--- Problem to work on ---
Leave the pictures out and print, word for word, the lines below from the one with "Фестиваль La Tomatina" through the final line.

--- Data section ---
* * * * *
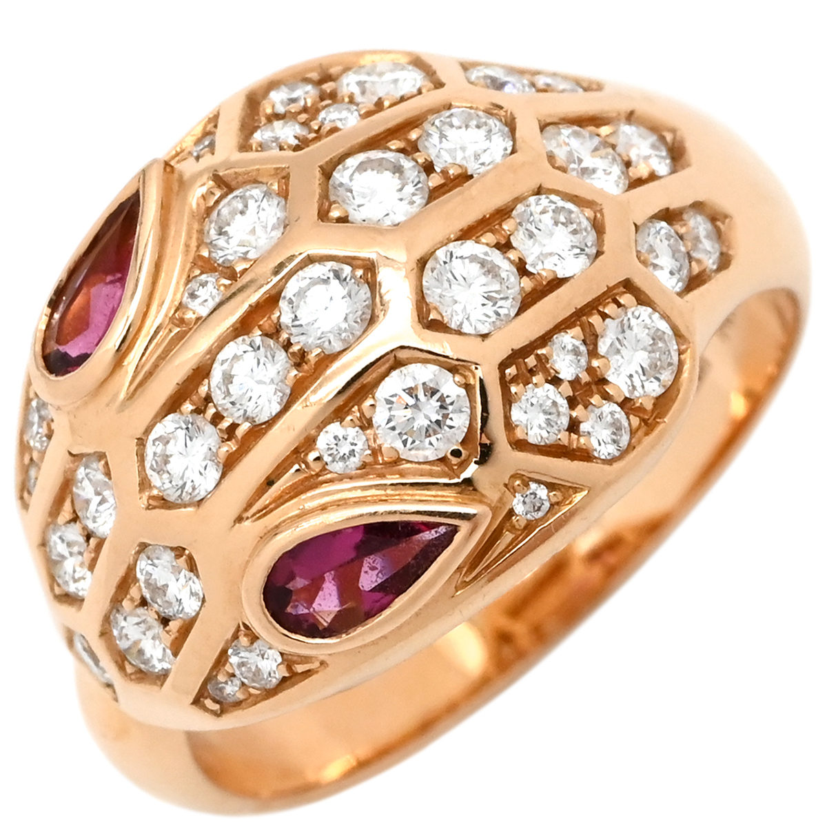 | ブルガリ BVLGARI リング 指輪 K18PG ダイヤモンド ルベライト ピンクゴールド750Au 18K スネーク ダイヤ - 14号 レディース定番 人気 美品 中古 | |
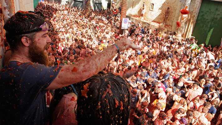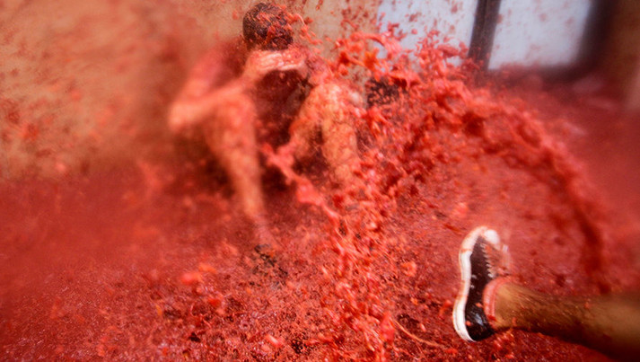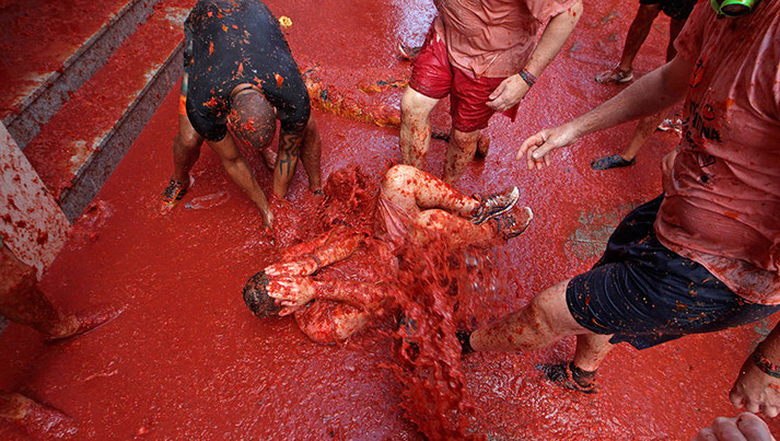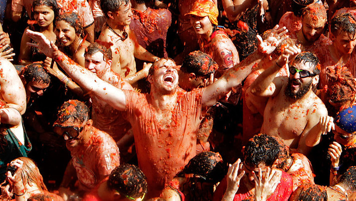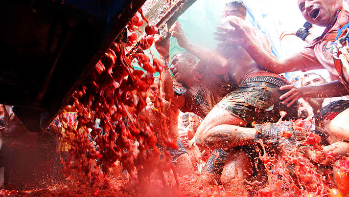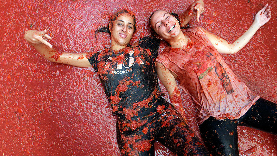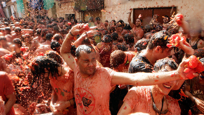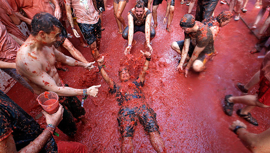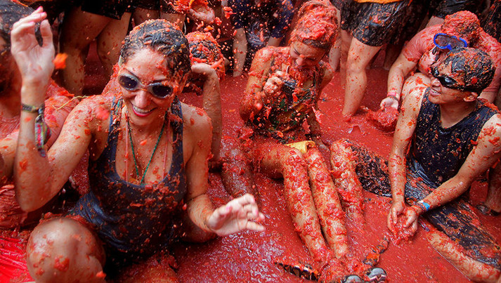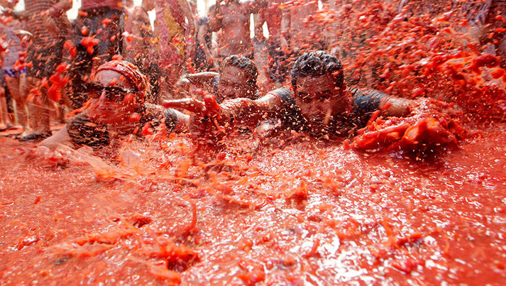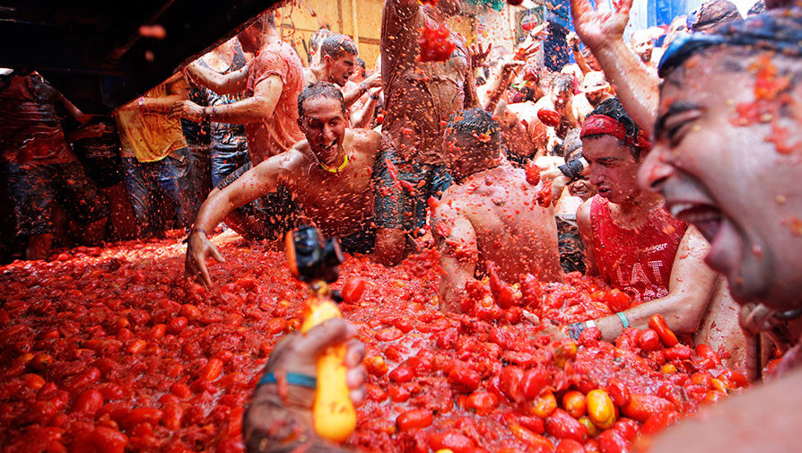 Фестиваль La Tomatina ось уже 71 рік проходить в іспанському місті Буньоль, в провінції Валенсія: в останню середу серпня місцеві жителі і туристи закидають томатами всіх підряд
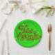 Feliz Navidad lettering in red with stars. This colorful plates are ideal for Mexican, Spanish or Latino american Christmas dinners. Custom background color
* * * * *
--- Result of this exercise ---
 Фестиваль La Tomatina ось уже 71 рік проходить в іспанському місті Буньоль, в провінції Валенсія: в останню середу серпня місцеві жителі і туристи закидають томатами всіх підряд
 Feliz Navidad lettering in red with stars. This colorful plates are ideal for Mexican, Spanish or Latino american Christmas dinners. Custom background color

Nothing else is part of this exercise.